Driving to Minneapolis we had a GPS system in the car so there was no chance of getting lost on the way. Kind of took the adventure out of the road trip in the nostalgic sense, but we found ways to keep up the daring discovery without it.
The greatest thing about Minneapolis, in my opinion, is their bike rental. Every evening we'd snag a few bikes and trek out to explore and by far the most note worthy place we stumbled upon was this:
My spoon's too big... |
Yep. That is a gigantic spoon. With a cherry on top. Which doubles as a water fountain in the middle of a park. ...
As giant art installations go, this had by far the most wonderment. We biked there in the night and my first thought was, "My goodness. What I would give to play kick the can here."
(For those of you who didn't grow up in rural Michigan, let Wikipeida be your guide to my childhood)
Though the grounds look fantastic in the daylight, I'm sure, at night it lent itself as a surreal playground.
We rode our bikes around the paths, through the instillation, weaving in and out, going off on our own and shouting to each other as we found more bizarre aspects of the lot.
Huge sculptures looked like some god's discarded plaything.
Literally thousands of wind chimes were strung up in grove a trees, tinkling so faintly that I didn't believe they were there until I stood under them myself. Trying to count them was like trying to count the stars, as soon as you focused on another part of the next tree more and more would come into focus.
Just a few feet away the chimes dissipated into the other noises of the night. I stood there, for a while, in the night air and taking in the peaceful moment. What I would do to practice some yoga under those trees.

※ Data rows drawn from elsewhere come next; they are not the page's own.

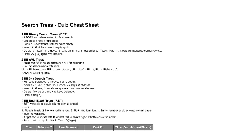 Search Trees Quiz Cheat Sheet: BST, AVL, and RBT Overview - Studocu
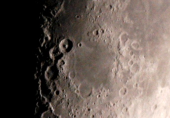 「神酒の海」("神酒"とは、不老不死の妙薬「ネクタル」のこと) に隣接する「テオフィルス」クレーターは直径が100km(大阪−名古屋ぐらい)あります。 ふちの高さは6km(富士山の2倍ぐらい)!です。中央にはセントラル・ピークがそびえています。 南隣には「キュリッロス(キリルス)」クレーター、そのまた南隣には「カタリーナ」があります。 これらのクレーターを取り囲むようにして「アルタイ断崖」が400kmにわたって伸びています。 月の地形は小さいように見えて、結構、大きいんです。
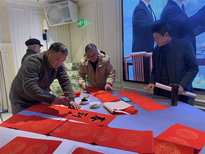 与此同时,一场别开生面的写春联活动也在现场同步进行。这项活动由马鞍山潜川画院精心组织并承办,六名书法家们挥毫泼墨,为与会的会员和嘉宾们写对联送福字二百多幅,大家纷纷驻足观赏,有的被对联的精美书法所吸引,有的则仔细品味着对联中的深意,更有不少工作人员主动向书法家们求取对联,希望将这份吉祥与祝福带回家中,为新的一年增添一份别样的喜庆与温馨。这场写春联活动,成为迎春团拜会中的一道亮丽风景线,让整个活动现场洋溢着浓浓的节日气氛。
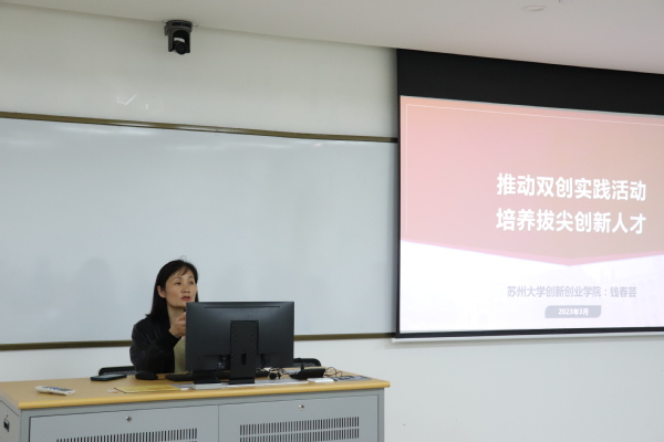 钱春芸教授以“推动双创实践活动,培养拔尖创新人才”为主题,聚焦“大学生创新创业训练计划项目”,从“双创实践活动相关情况”“双创实践互联互通举措”“问题与思考”三个方面系统、全面地讲解了苏州大学双创工作方面开展的先进经验和工作成效,并就未来如何更好地推进学校双创工作做了展望与分享。
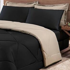 Kit Edredom + Jogo De Lençol Aconchego Look House Dupla Face Casal Queen 06 Peças - Preto/ Caqui
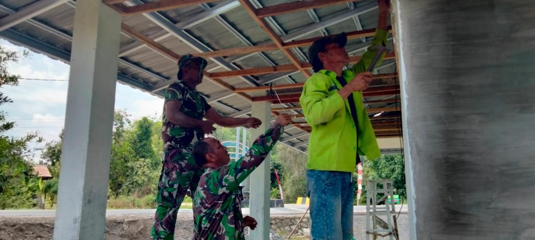 Terlihat para anggota Satgas TMMD bersama warga bahu-membahu melakukan pemasangan kerangka plafon di bagian teras mushola. Semangat gotong royong pun tampak jelas dalam setiap tahapan pekerjaan, mencerminkan kemanunggalan TNI dengan rakyat.
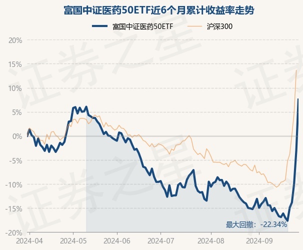 证券之星消息,9月30日,富国中证医药50ETF最新单位净值为0.9349元,累计净值为1.0619元,较前一交易日上涨10.91%。历史数据显示该基金近1个月上涨23.73%,近3个月上涨18.91%,近6个月上涨7.55%,近1年下跌7.44%。该基金近6个月的累计收益率走势如下图:

One installation, though unsettling, spoke directly to me. I don't know what it was called or who made it, but it was a series of granite benches in a huge patio square, all with some observation about life carved into them. This one...
"Affluent college-bound students face the real prospect of downward mobility. Feelings of entitlement clash with the awareness of imminent scarcity. There is resentment at growing up at the end of an era of plenty coupled with reassessment of conventional measures of success." |
I ran around and played on a giant wrought-iron swing at the same time that I was puzzling over the aesthetic and intentional underpinnings of a statue of a woman in a fetal position. Is there any intention? Maybe the most I can do is sit under the shadow of some trees and enjoy that moment.